Unconscious bias allows you to protect your power, it allows for ongoing profit, while engaging in training to somehow do something about this so-called unconscious bias. It is what I call ‘tweak-o-nomics’. That is where businesses, industry, nation tweaks at the edges of an issue, rather than forensically engage it in order to transform. Tweak-o-nomics does not touch your power, it allows for the illusion of change, it does not ignite sustainable change.

Systems are either upheld or they are dismantled. These are the two options.

This year of devastation, loss, turbulence, brutality also offers us an important opportunity. It has given us a path to reset, rethink and reject. That is what should be done with unconscious bias. Reset, rethink and reject. The dismantling of systems is substantive work, it is heavy lifting, it is about transformative action. It requires we stare long and hard into how systems of inequity are upheld, how we uphold them, and then commit and engage the work of dismantling.

This labor is not equal or singular, because the systems are not equal or singular – that too is about power, and a sophistication within the use, and abuse of that power. The world of diversity, equity and inclusion has too often put the burden on people color to reimagine systems so that they are somehow less inequitable. That applies with gender too. Even the passage of a document as crucial as the Affirmative Action Bill here in Ghana becomes a battleground, where we see how power, gender and systems collide to restrict progress.

That is why Emotional Justice is so crucial. One of its four pillars is ‘Emotional Patriarchy’. This is when society caters to the feelings, needs, insecurities, vulnerabilities, of men – white men at the top, but black men too – no matter the cost or consequence to society, to women. The systems of inequity are designed to hold and maintain power for men. And that is why dismantling is both crucial, challenging, and painful.

We cannot dismantle power through policy alone. Businesses and industries create policy as a foundational guide to behaviour, or as a corrective to problematic behavior. A policy document represents an intention. But businesses measure success based on outcomes, not intentions. So, if we apply that to the SDGs – a powerhouse policy document to build gender equity – that is a lofty intention. To implement such an intention requires the substantive heavy lifting of dismantling systems, and doing healing work for those on the receiving end of such systems, which have transformed their lives and the lives of generations. Our approach to issues of gender hijacks the intentions of the SDGs and makes their likely implementation unlikely. It is because our approach is designed to maintain power, a power that was unearned and is entrenched through systems of inequity.

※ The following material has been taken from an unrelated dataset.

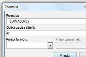 V oknu Formula pustite =SUM(ABOVE), kar pomeni, da bo seštel vse zgornje celice. V primeru, da so celice levo, namesto ABOVE vpišite LEFT. Seveda lahko tudi namesto formule SUM uporabite AVERAGE... Oblika zapisa števil preko izbirnika določite 0. V tem oknu se malo poigrajte. Kliknite na gumb OK. |
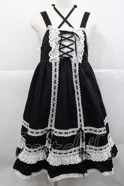 BABY,THE STARS SHINE BRIGHT / ベビードールジャンパースカート 黒X白 I-25-12-09-048-BA-OP-SA-ZI [2100060000047495-I-25-12-09-048-BA-OP-SA-ZI]

Power. What work are we willing to do to reimagine it, and our relationship to it, and the systems maintained by it? It is here that we must engage Emotional Justice, a visionary framework for racial healing, that includes the work of dismantling systems, and engaging power. We can – and should – approach that work with equity and empathy. What we cannot – and must not do – is enable the continuation of phrases that help stall systems that should simply no longer stand. They have never stood without our contribution, action and engagement.

So, here we stand, inheritors of systems that we did not build, but that entrench power, encourage and reward the abuse of power, profit some and punish others.

Are we willing to do the challenging, necessary but rewarding work to dismantle systems that prevent progress, or would we rather protect our power and practice tweak-o-nomics?